SQL - Return all rows before certain date for each partition

Question

I currently have two tables like so:

ID	Date
1	01-01-2022
2	01-02-2022
3	01-10-2022
4	01-03-2022

ID	Date	Action
1	01-05-2022	forward
1	12-20-2021	stop
1	10-15-2021	stop
1	01-20-2022	forward
2	12-30-2021	stop
2	12-14-2021	forward
2	12-16-2021	forward
2	12-01-2021	reverse
2	01-15-2022	forward
3	01-01-2022	reverse
3	01-02-2022	reverse
3	01-03-2022	stop
4	10-15-2021	reverse
4	03-04-2021	forward
4	01-10-2021	reverse

I am looking to return a table that consists of each ID and a count of how many actions took place before the corresponding date in the first table.
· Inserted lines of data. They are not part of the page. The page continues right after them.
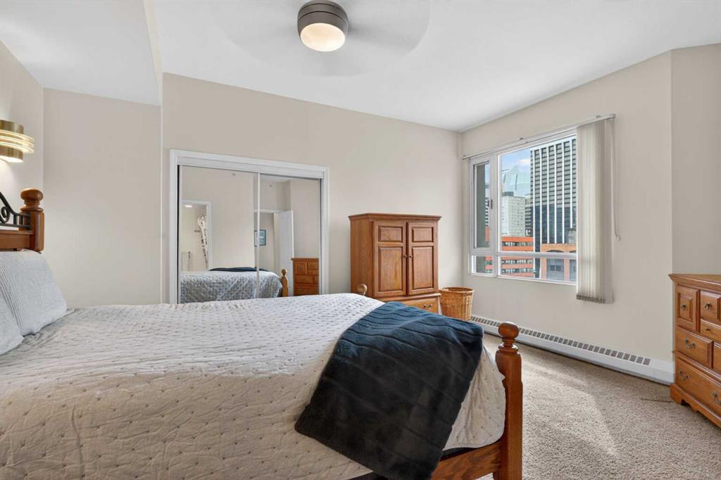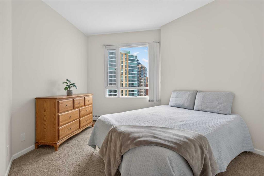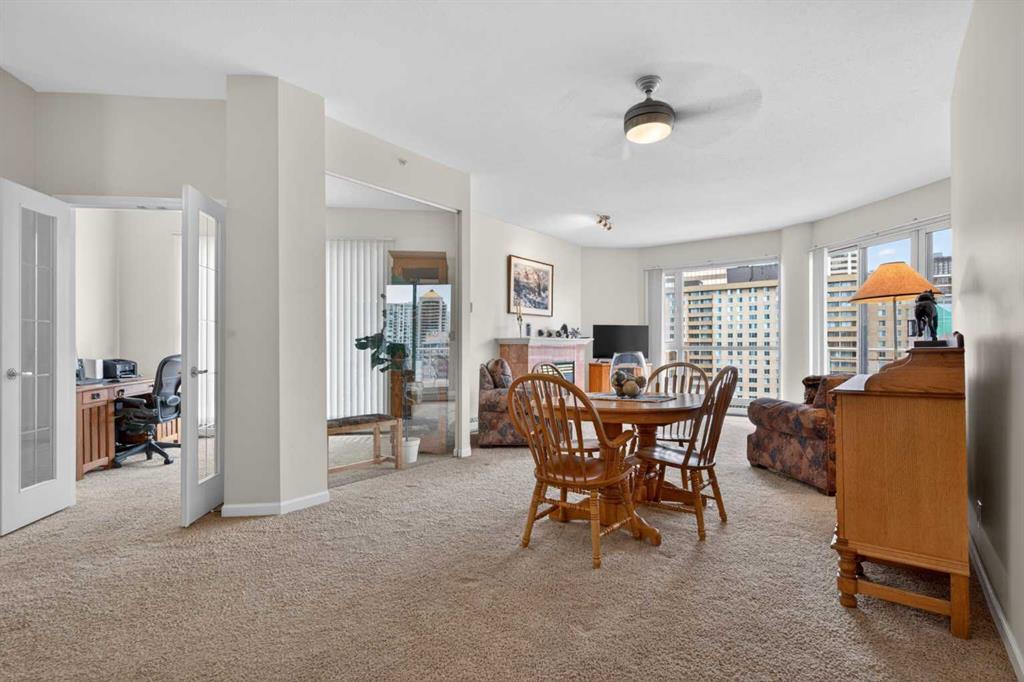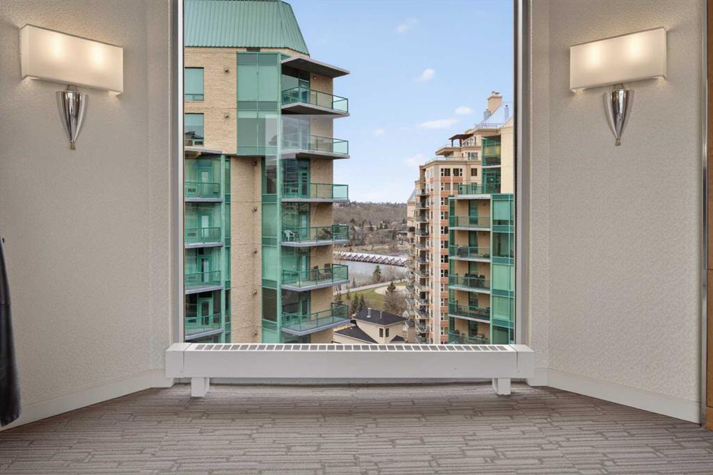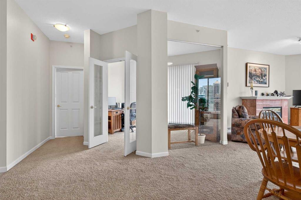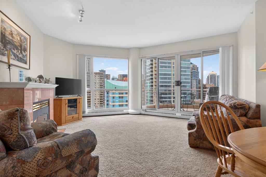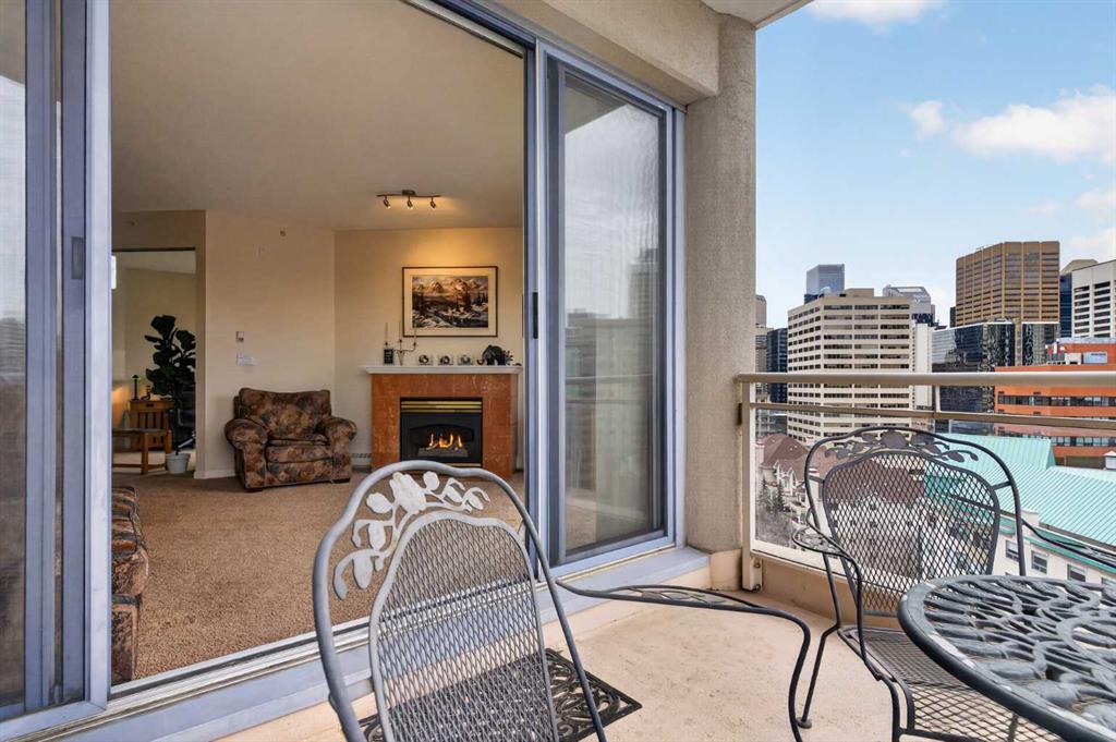 Experience elevated urban living in this spacious 1,220 sq. ft. apartment perched on the 14th floor, offering west facing views and abundant natural light through impressive 10-foot ceilings. This thoughtfully designed 2-bedroom layout features a generous primary suite complete with a 4-piece ensuite and private balcony, along with a versatile den—perfect for a home office or creative space. The bright , spacious living room is anchored by a cozy fireplace and opens onto one of two private patios ; ideal for relaxing or entertaining. This second patio extends your outdoor living options even further. Residents enjoy access to exceptional amenities including a well-appointed fitness center, stylish event room, and a tennis court. Located in a vibrant downtown community of Eau Claire, you’re just steps from scenic Bow River, bike/ walking paths, trendy restaurants, and all the energy of city living. A perfect blend of comfort, style, and convenience—this is urban living at its finest.
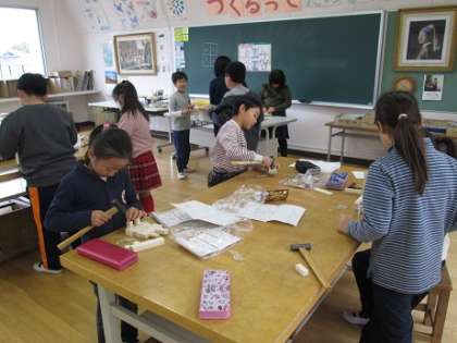 11月22日(金)3年生の授業の様子です。1組は図工「ドンドンドンドンくぎうち名人」です。木片をつなげて思い思いの作品を作りました。2組は国語です。説明の工夫について話し合う授業でした。
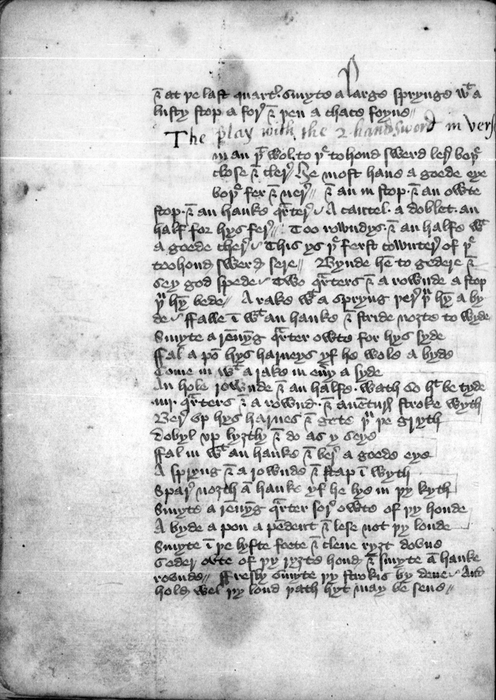 [T]he .7. cowntr ys menyd wt .iij. menyd foyns & tra-spose ha- boþe goyng & comyng . & smyte þy foynys wt in þy sengyl quartr smyte a . & at þe last quartr . smyte a large sprynge wt a lusty stop a fore & þen a chace foyne//
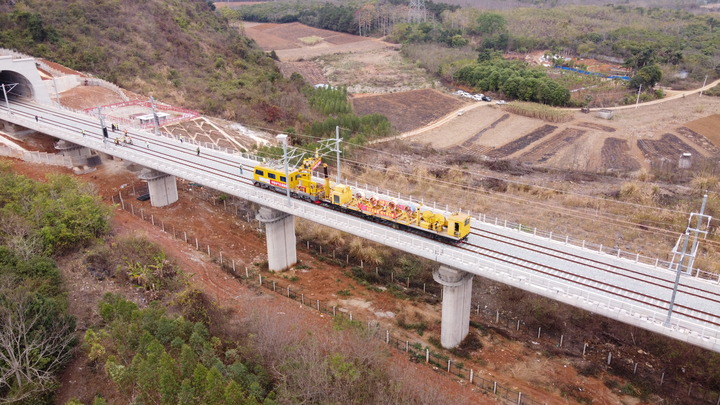 圖為南憑高鐵崇憑段正在架設接觸網導線。新華社發

So for example, ID 1 would return a count of 2 because 2 of its actions took place before 01-01-2022.

I would expect the final table to look something like:

ID	Count_action
1	2
2	4
3	3
4	2

Any tips would be greatly appreciated!

Answer 1

A left join and aggregate count function should do. Notice we join on the dates being <= date from. Left join preserves all Id's from A so we will get a 0 count on such records when no dates in the B table are prior to the date in A for the related ID.

SELECT A.ID, coalesce(count(B.*),0) Count_action
FROM A  --A is your first table with 1 date per ID.
LEFT JOIN B
  on A.ID= B.ID
  and B.Date <=A.Date
GROUP BY A.ID

Answer 2

A left join will do it:

select p.id, count(a.id) as Count_action
from parentTable p
left join actionTable a on a.id = p.id
  and a.date < p.date
group by p.id

Because count() ignores nulls, count(a.id) is used to get a count of 0 for id’s that have no actions before their date, instead of the usual count(*) which would give a count one 1 in that case.

Importantly, the condition a.date < p.date is in the join. If it were in the where, the left join would be effectively changed to an inner join, and id’s without matching actions would then not appear at all in the result.